BEGIN Data

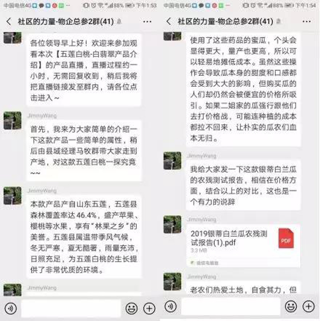 为最广泛地调动企业参与积极性,“社区的力量”组委会通过视频直播、短视频及图文培训等方式进行了活动的宣传预热。原产地直播展示了五莲白桃、阳原绿豆、富平红薯的种植生长环境、采摘打包、烹饪方法、贫困户帮扶等信息,为物企及消费者还原了最真实的产品从田间到餐桌的全流程。同时辅以图文讲解培训,便于各社区负责人更为直观、全面地了解产品,从而向社区居民推广销售产品。
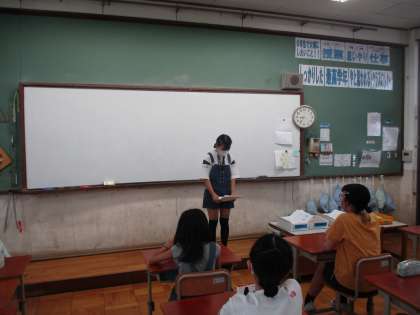総合的な学習の時間に調べた内容を発表している様子です。
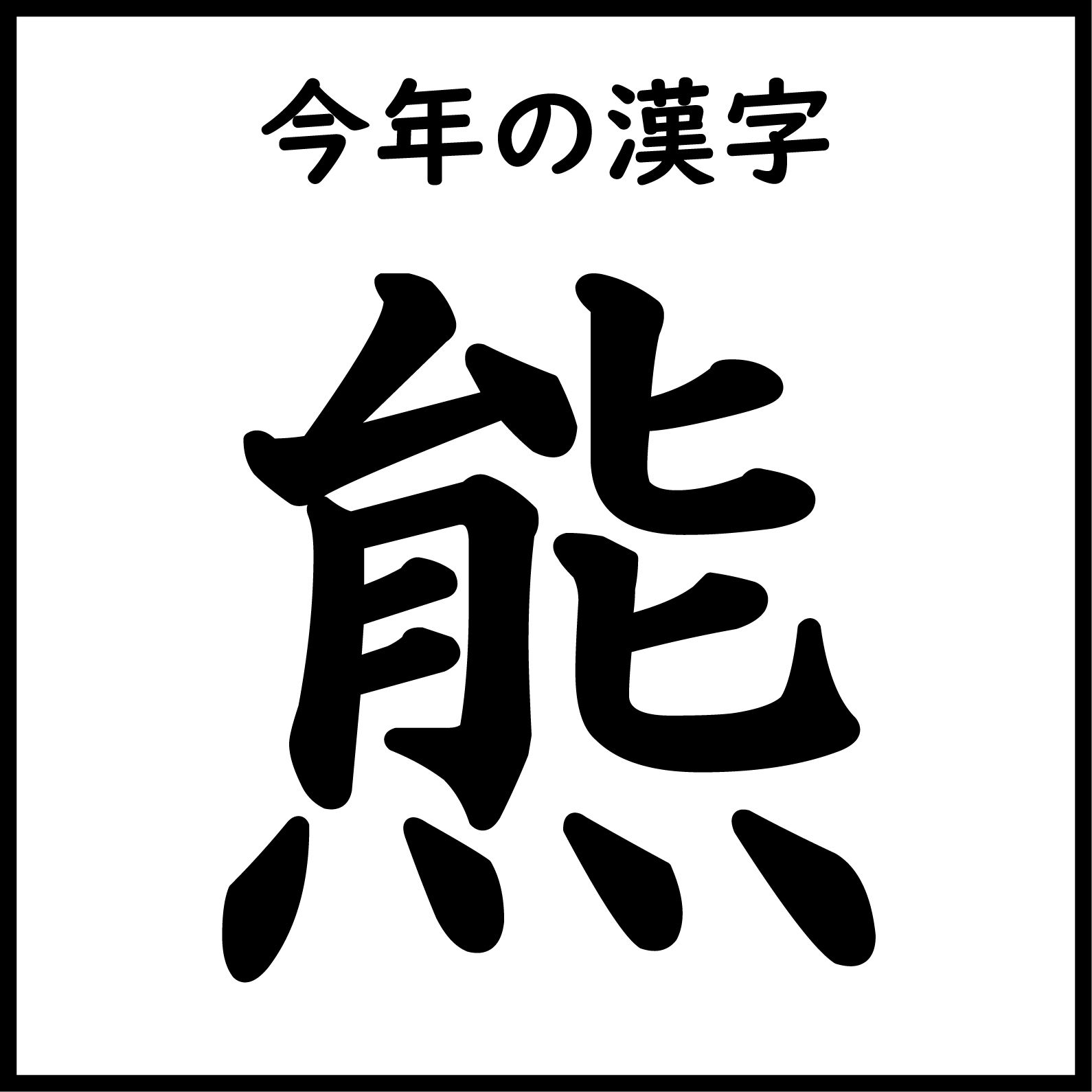 今年の漢字が、「熊」に決まった!? 各地で、熊の出没が頻繁にあった事、 和歌山のパンダが中国に返還された事が選考理由だそうだ。 何か、いまいちピンと来ないが、そうなんだろう。

END Data

### Exercise aim
Transcribe the preceding listing in its entirety and with exact wording, leaving out pictures.

### Task answer
 为最广泛地调动企业参与积极性,“社区的力量”组委会通过视频直播、短视频及图文培训等方式进行了活动的宣传预热。原产地直播展示了五莲白桃、阳原绿豆、富平红薯的种植生长环境、采摘打包、烹饪方法、贫困户帮扶等信息,为物企及消费者还原了最真实的产品从田间到餐桌的全流程。同时辅以图文讲解培训,便于各社区负责人更为直观、全面地了解产品,从而向社区居民推广销售产品。
総合的な学習の時間に調べた内容を発表している様子です。
 今年の漢字が、「熊」に決まった!? 各地で、熊の出没が頻繁にあった事、 和歌山のパンダが中国に返還された事が選考理由だそうだ。 何か、いまいちピンと来ないが、そうなんだろう。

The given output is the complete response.